Source records:
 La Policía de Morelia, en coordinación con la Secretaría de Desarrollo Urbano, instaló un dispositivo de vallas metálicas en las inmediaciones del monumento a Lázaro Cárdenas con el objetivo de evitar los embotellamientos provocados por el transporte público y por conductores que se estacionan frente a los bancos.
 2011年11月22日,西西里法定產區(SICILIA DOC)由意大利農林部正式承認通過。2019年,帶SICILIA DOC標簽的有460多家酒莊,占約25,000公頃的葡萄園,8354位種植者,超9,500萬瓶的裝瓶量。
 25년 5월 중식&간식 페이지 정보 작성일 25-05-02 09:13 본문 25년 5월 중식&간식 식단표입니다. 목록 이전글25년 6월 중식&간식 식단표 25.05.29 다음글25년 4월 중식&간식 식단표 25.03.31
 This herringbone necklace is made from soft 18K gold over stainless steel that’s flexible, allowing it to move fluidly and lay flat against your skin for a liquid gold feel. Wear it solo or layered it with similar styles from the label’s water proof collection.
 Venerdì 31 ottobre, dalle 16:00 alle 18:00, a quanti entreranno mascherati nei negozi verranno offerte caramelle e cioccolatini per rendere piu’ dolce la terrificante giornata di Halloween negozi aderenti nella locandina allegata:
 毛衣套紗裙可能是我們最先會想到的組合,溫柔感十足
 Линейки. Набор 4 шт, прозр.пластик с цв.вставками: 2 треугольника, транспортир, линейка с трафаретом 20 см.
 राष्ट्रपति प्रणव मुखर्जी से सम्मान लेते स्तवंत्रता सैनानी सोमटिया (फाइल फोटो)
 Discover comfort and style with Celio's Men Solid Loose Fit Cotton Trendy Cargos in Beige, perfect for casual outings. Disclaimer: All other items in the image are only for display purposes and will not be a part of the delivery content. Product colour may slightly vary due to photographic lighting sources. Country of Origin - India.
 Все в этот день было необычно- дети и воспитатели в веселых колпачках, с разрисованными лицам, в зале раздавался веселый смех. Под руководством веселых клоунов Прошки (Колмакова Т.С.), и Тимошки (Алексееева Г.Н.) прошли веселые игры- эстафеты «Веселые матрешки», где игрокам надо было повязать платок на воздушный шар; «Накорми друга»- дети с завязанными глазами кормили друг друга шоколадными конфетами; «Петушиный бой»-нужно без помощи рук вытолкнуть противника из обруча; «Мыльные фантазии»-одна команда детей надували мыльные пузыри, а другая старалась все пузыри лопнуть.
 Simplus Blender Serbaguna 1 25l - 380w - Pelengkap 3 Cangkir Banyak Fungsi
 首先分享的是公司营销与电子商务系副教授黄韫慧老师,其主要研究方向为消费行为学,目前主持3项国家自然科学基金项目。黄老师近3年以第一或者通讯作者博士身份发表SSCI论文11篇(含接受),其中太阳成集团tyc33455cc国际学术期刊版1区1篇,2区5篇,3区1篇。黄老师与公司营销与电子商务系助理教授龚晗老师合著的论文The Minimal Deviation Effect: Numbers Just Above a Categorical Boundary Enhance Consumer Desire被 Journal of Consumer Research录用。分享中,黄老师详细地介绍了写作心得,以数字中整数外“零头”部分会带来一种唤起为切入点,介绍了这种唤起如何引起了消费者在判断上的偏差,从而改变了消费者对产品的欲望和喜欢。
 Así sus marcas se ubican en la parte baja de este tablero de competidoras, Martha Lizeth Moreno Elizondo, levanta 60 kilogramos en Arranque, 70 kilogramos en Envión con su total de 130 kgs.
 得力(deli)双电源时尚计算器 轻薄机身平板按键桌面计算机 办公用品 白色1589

Task to complete: Your job is to copy out every line from the records above that has the word "with".

Result for this exercise:
 This herringbone necklace is made from soft 18K gold over stainless steel that’s flexible, allowing it to move fluidly and lay flat against your skin for a liquid gold feel. Wear it solo or layered it with similar styles from the label’s water proof collection.
 Discover comfort and style with Celio's Men Solid Loose Fit Cotton Trendy Cargos in Beige, perfect for casual outings. Disclaimer: All other items in the image are only for display purposes and will not be a part of the delivery content. Product colour may slightly vary due to photographic lighting sources. Country of Origin - India.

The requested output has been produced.